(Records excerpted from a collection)
== == ==

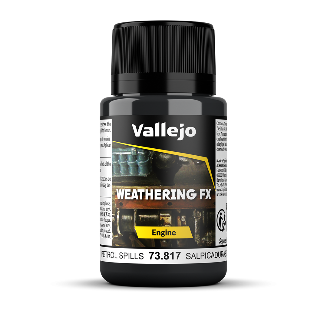 La gamme Effets Moteurs se compose de six références pour reproduire ces taches spécifiques de carburants, les coulées d’huile, les marques des bidons dans les camions et la saleté accumulée dans les compartiments moteurs, toutes ces touches de réalisme que requièrent vos réalisations. Ces produits étant réalisés à base de pigments naturels et de résine acrylique, tout votre matériel se nettoie à l’eau. Sans aucun mélange, vous obtiendrez la viscosité et le ton idéal à la reproduction de l’effet choisi.
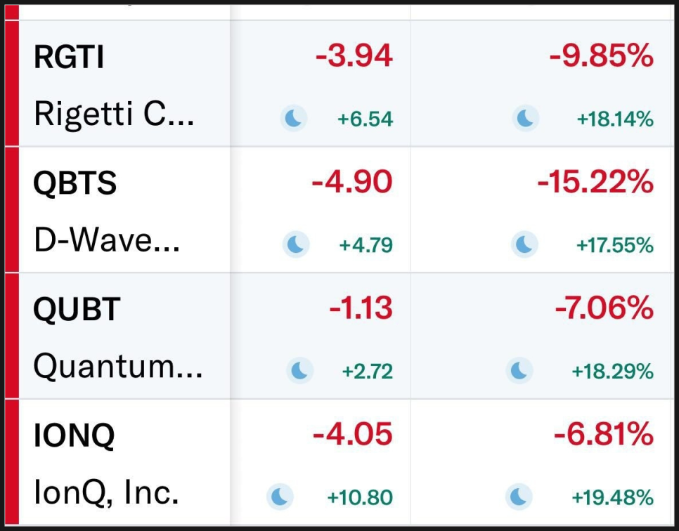 리게티 컴퓨팅(Rigetti Computing)과 디웨이브 퀀텀(D-Wave Quantum), 퀀텀 컴퓨팅(Quantum Computing Inc.) 역시 17~19%에 달하는 강한 시간외 랠리를 보였습니다.
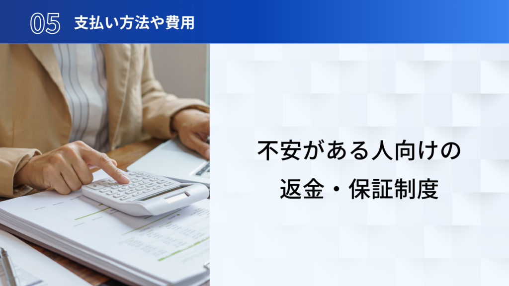 支払い方法や費用に不安がある人向けの返金・保証制度
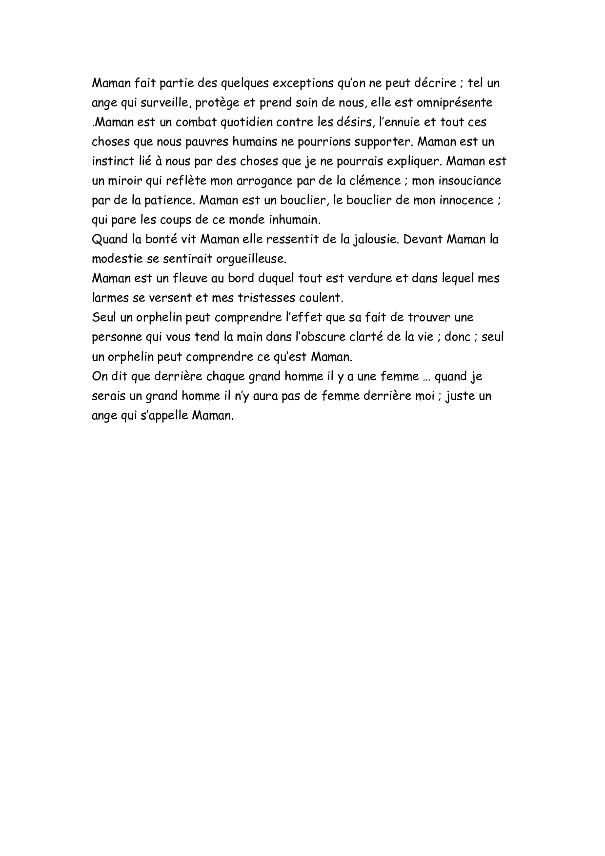 Expression écrite sur la maman
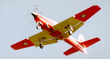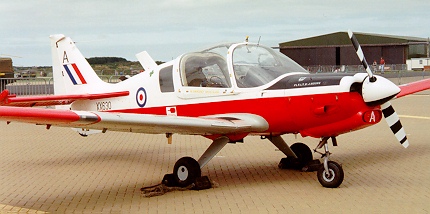 Flaps down and prop spinning slowly as this T1 comes in to land at RAF Cranwell in Lincolnshire. Note the engine exhaust pipes behind the nose wheel.
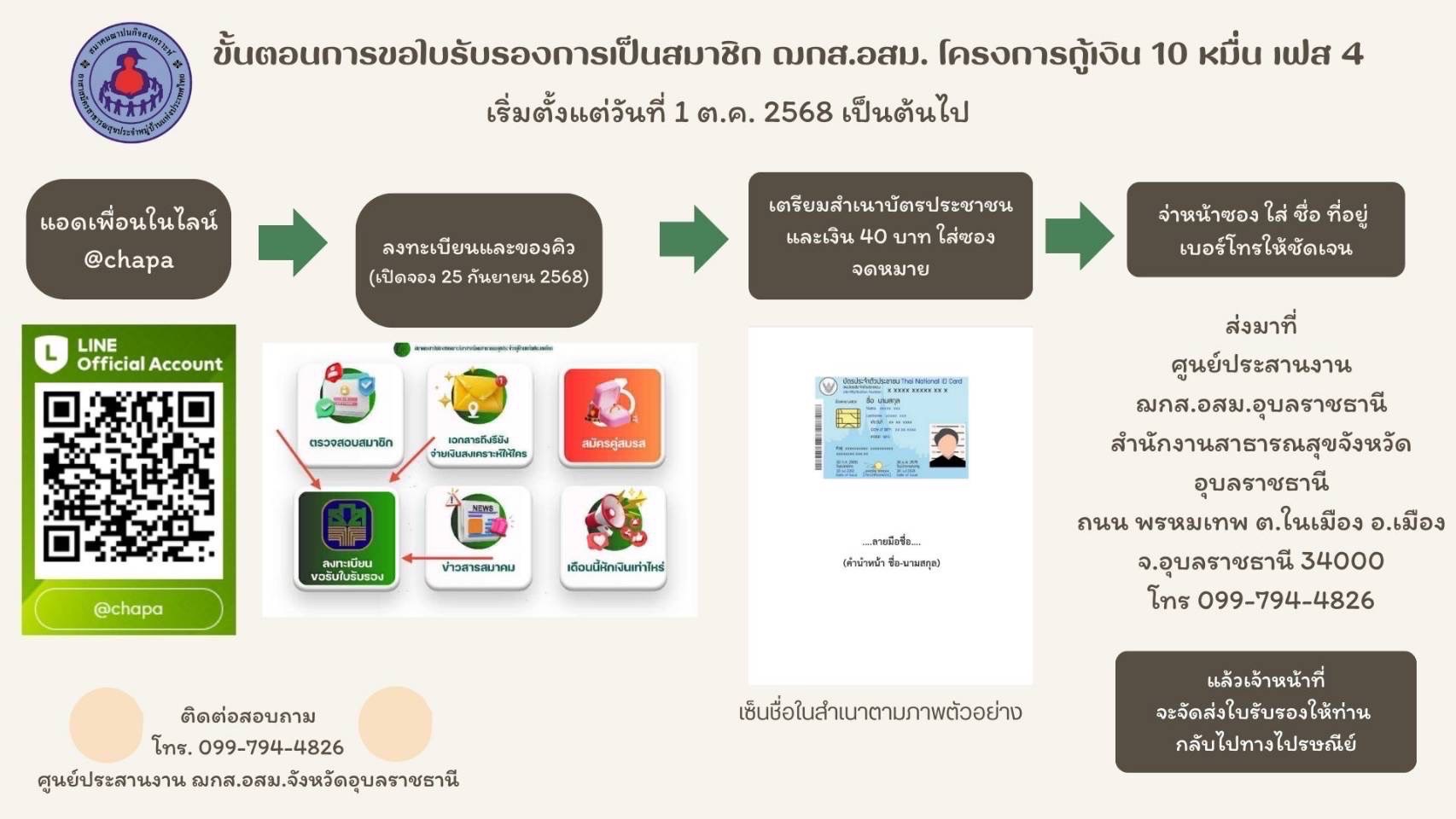 | 3 | ขั้นตอนการขอใบรับรองการเป็นสมาชิก ฌกส.อสม โครงการกู้ 10 หมื่น เฟส 4

== == ==

**Brief:**
Return all records exactly as they stand above, except for pictures.

**Solution to the exercise:**
 La gamme Effets Moteurs se compose de six références pour reproduire ces taches spécifiques de carburants, les coulées d’huile, les marques des bidons dans les camions et la saleté accumulée dans les compartiments moteurs, toutes ces touches de réalisme que requièrent vos réalisations. Ces produits étant réalisés à base de pigments naturels et de résine acrylique, tout votre matériel se nettoie à l’eau. Sans aucun mélange, vous obtiendrez la viscosité et le ton idéal à la reproduction de l’effet choisi.
 리게티 컴퓨팅(Rigetti Computing)과 디웨이브 퀀텀(D-Wave Quantum), 퀀텀 컴퓨팅(Quantum Computing Inc.) 역시 17~19%에 달하는 강한 시간외 랠리를 보였습니다.
 支払い方法や費用に不安がある人向けの返金・保証制度
 Expression écrite sur la maman
 Flaps down and prop spinning slowly as this T1 comes in to land at RAF Cranwell in Lincolnshire. Note the engine exhaust pipes behind the nose wheel.
 | 3 | ขั้นตอนการขอใบรับรองการเป็นสมาชิก ฌกส.อสม โครงการกู้ 10 หมื่น เฟส 4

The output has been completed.